TL;DR: Tokenization and encryption solve different data protection problems: tokenization replaces sensitive values with non-sensitive substitutes, while encryption protects data by making it unreadable without a key, according to Netwrix. For IAM and security teams, the choice changes scope, key management, and where identity controls must be enforced rather than whether data is merely hidden.


At a glance

What this is: This is a comparison of tokenization and encryption, showing that they protect data in different ways and create different governance and compliance outcomes.

Why it matters: It matters because IAM, NHI, and security teams need to align data protection controls with access, scope, and key handling, not treat every sensitive-data control as interchangeable.

👉 Read Netwrix's blog post on tokenization vs. encryption for data protection


Context

Tokenization and encryption are both data protection controls, but they solve different governance problems. Encryption preserves the original data and protects it with keys, while tokenization replaces the original value with a surrogate and keeps the sensitive value elsewhere. For IAM and NHI programmes, the practical issue is not only confidentiality but where identity, access, and key custody still matter.

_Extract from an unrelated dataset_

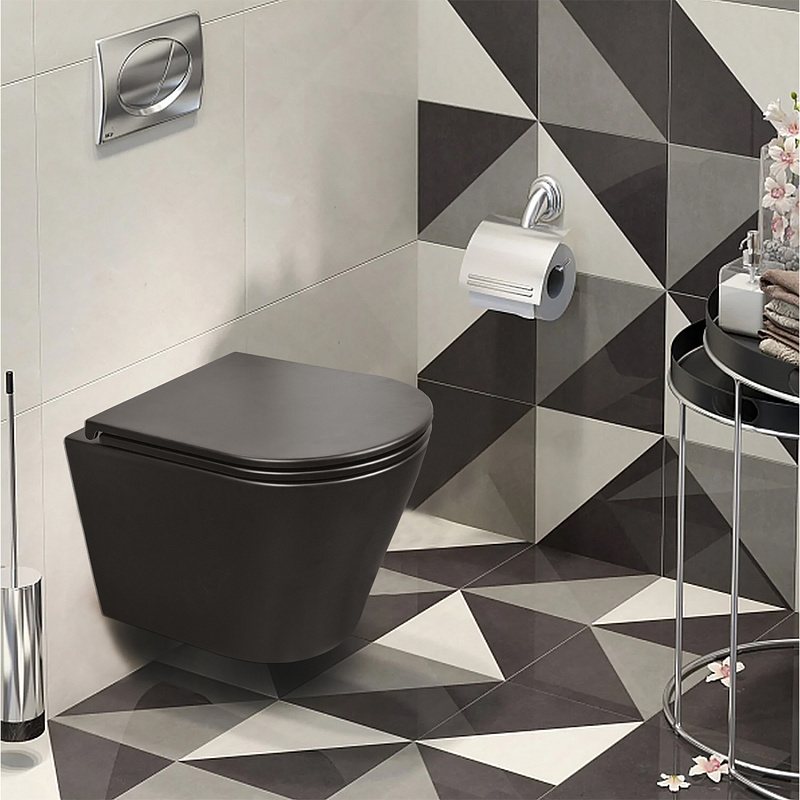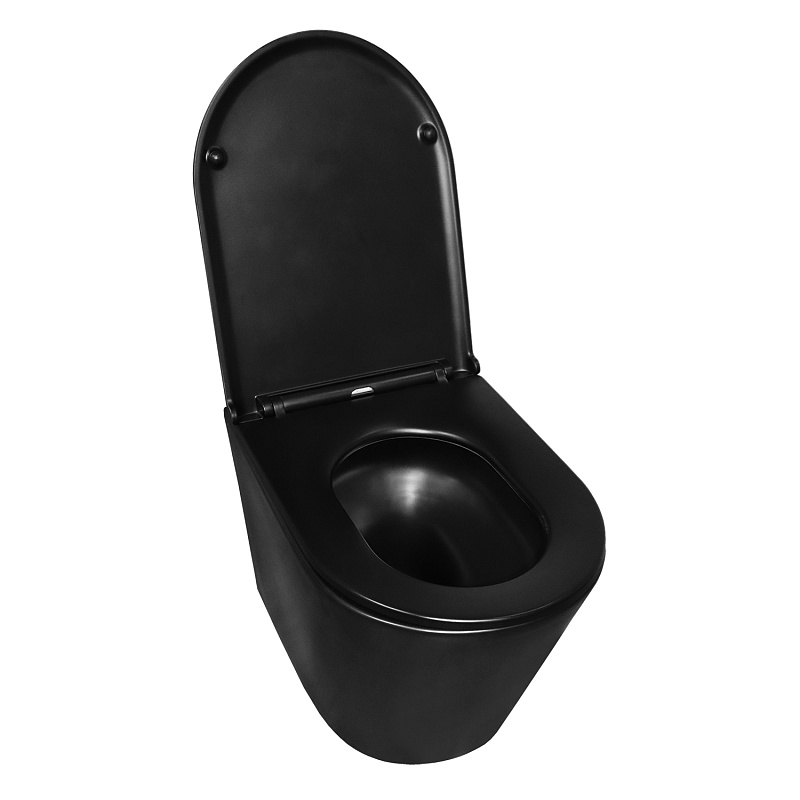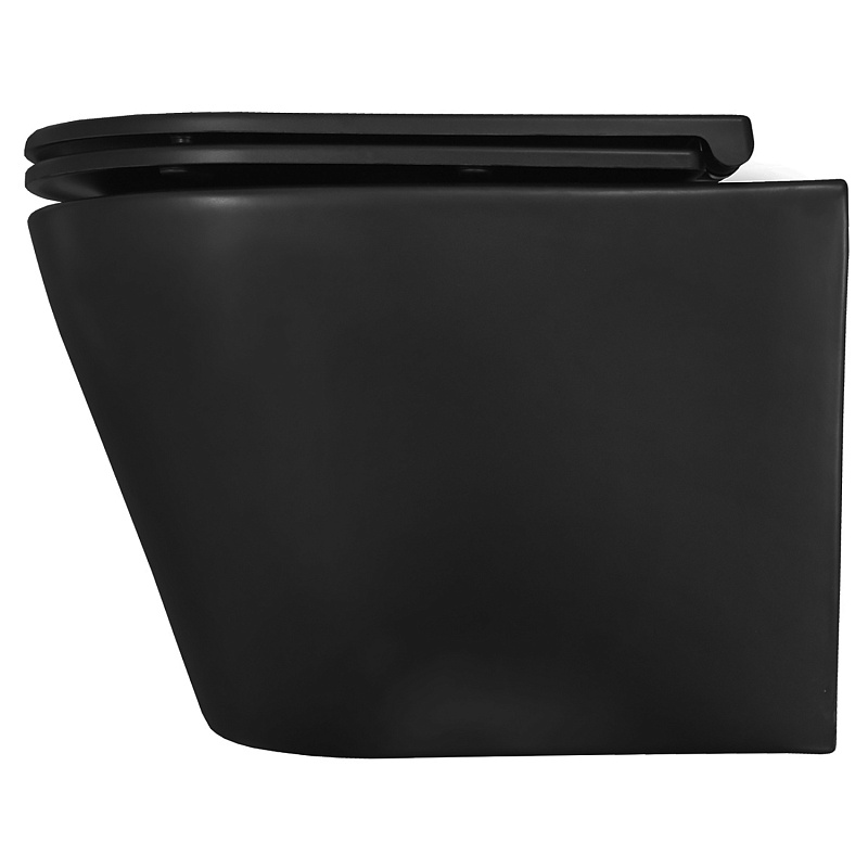 —Унитаз подвесной Azario Teramo 355х515х365 смыв "Скрытое торнадо", безободковый, с быстросъемным сиденьем микролифт, черный матовый (AZ-0053-UQ3-MB)

The decision changes how organisations manage access scope, auditability, and regulatory exposure. If the protected value can still be reconstructed, the control boundary shifts to the systems and identities that can detokenize or decrypt it. That makes the topic relevant to human access, service accounts, and workload identities wherever sensitive data moves across applications and platforms.


Key questions

Q: How should security teams decide between tokenization and encryption for sensitive data?

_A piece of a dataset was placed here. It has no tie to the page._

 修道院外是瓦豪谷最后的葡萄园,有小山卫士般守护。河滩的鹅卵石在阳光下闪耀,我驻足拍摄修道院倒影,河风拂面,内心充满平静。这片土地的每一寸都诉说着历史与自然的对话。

A: Security teams should choose tokenization when downstream systems do not need the original value and encryption when the data must remain recoverable under controlled access. The deciding factors are scope reduction, reversibility, key custody, and which identities can restore the sensitive value. The right control is the one that matches the workflow, not the one that sounds stronger in isolation.

Q: Does tokenization always reduce PCI DSS scope?

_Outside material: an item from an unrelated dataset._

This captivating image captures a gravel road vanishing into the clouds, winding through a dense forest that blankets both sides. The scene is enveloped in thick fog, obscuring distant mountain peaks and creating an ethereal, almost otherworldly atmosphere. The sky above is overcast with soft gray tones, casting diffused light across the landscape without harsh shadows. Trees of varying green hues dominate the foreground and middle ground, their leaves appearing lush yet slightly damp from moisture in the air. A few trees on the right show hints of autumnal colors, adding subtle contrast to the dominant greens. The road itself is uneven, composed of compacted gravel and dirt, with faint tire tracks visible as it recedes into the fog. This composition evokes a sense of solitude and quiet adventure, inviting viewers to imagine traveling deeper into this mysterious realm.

A: No. Tokenization can reduce PCI DSS scope for systems that never touch the original cardholder data, but the systems that create, store, or detokenize tokens may still be in scope. Scope depends on who can reverse the control and where the sensitive value still exists, not on the presence of tokens alone.

Q: What do teams get wrong about encryption as a data protection strategy?

A: Teams often assume encryption is enough because data is unreadable at rest or in transit. In practice, the real risk sits with key access, privileged decryption paths, and the identities that manage those controls. Without strong key governance, encryption can hide exposure while leaving the trust boundary unchanged.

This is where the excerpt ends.